La sigaretta elettronica, dunque, non c’entrava nulla, eppure lo stigma verso lo strumento rimane fissato nel nome della malattia. Non in Canada, però, dove la patologia è stata rinominata Vali, togliendo quindi la E di e-cigarette. Non solo. Sul sito del governo, nella sezione della salute dedicata al vaping, l’approfondimento su Vali è inserito nel paragrafo “Vaping Cannabis”, creando quindi una chiara connessione con il consumo, appunto, di prodotti per la vaporizzazione di Thc. Non si trova solo questo sul sito del governo canadese. Oltre ad affermare chiaramente che “i prodotti per il vaping producono solo una piccola parte delle sostanze chimiche che trovate nel fumo di tabacco e livelli più bassi di quelle potenzialmente dannose”, il sito smentisce anche altri miti che hanno accompagnato la sigaretta elettronica.

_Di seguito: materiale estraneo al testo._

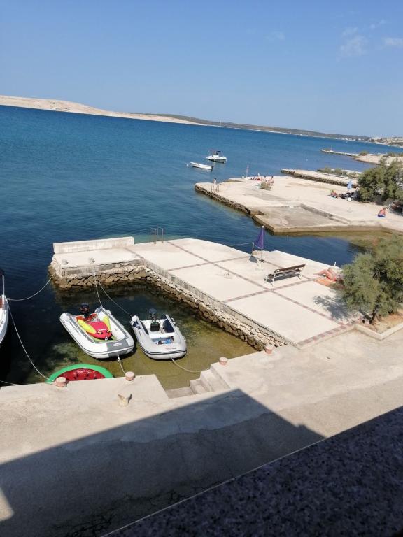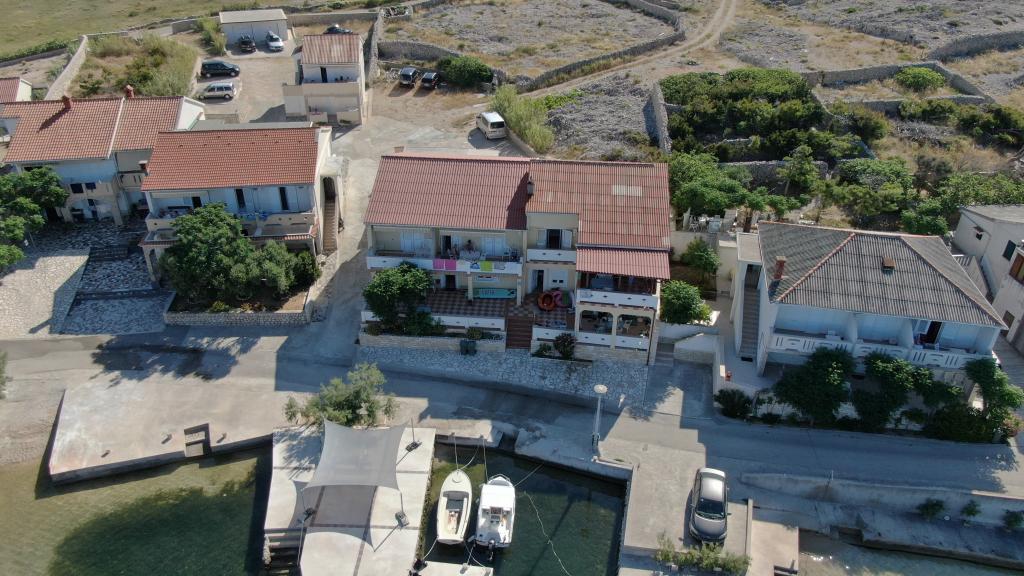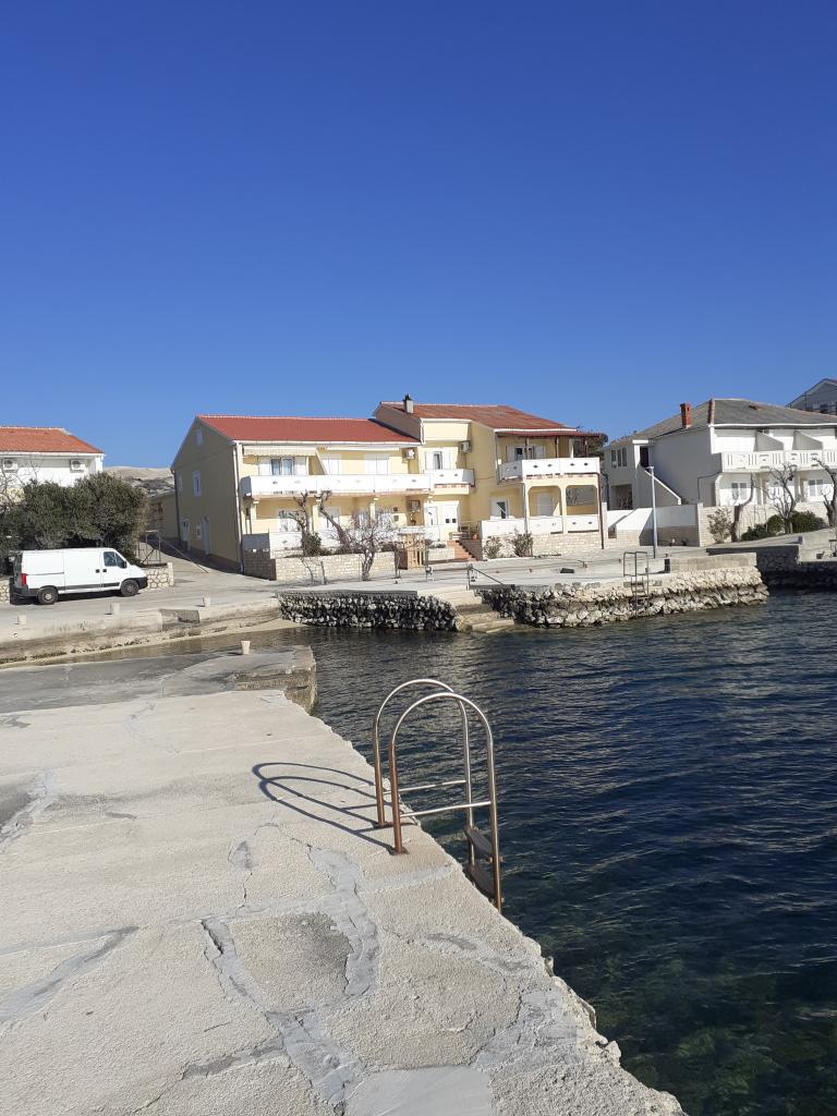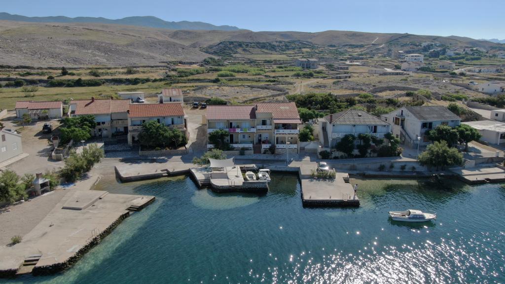 A Katica apartmanok a tenger melletti első sorban találhatók, csendes környéken, ideális családi turizmushoz. A faluban bolt, pékség és számos étterem található, Novalja városától 6 km-re található. Az apartmanokhoz nagy terasz tartozik, ahonnan csodálatos kilátás nyílik a Pag-öbölre és a naplementére.

Per esempio il gateway effect, cioè il fatto che il vaping possa indurre i minori a fumare. “Esistono prove limitate del fatto che l’uso di prodotti da svapo aumenti il rischio di utilizzare sigarette di tabacco combustibile (sigarette da fumo) tra i giovani e i giovani adulti – si legge – Tuttavia, dati recenti suggeriscono che, finora, i tassi di fumo, sia per i giovani che per gli adulti, continuano a diminuire e sono ai minimi storici”. O ancora il cosiddetto “popcorn lung”, ossia una malattia cronica polmonare, la bronchiolite obliterante, dovuta a ripetuta e massiccia esposizione al diacetile, utilizzato per conferire l’aroma del burro. “Non è noto che la sigaretta elettronica causi il popcorn lung – scrive ancora il sito del governo – Mentre una volta era comune nei prodotti per lo svapo, negli ultimi anni i ricercatori di Health Canada hanno trovato il diacetile solo in 2 campioni su oltre 800 liquidi disponibili nel Paese. Ad oggi, in Canada non ci sono stati casi confermati di questa malattia polmonare dovute all’uso della sigaretta elettronica”.
Insomma, dopo le dichiarazioni favorevoli al vaping del mese scorso da parte dei ministri della salute e della salute mentale e dipendenze e l’invito a passare all’e-cig dell’agenzia del Ministero della salute Health Canada, una nuova buona notizia arriva dal Paese del Nord America. Sarebbe ora che anche gli Stati Uniti e gli altri Paesi emendassero il nome della patologia polmonare del 2019, togliendo qualsiasi riferimento a uno strumento che si è rivelato non avere nulla a che fare con essa.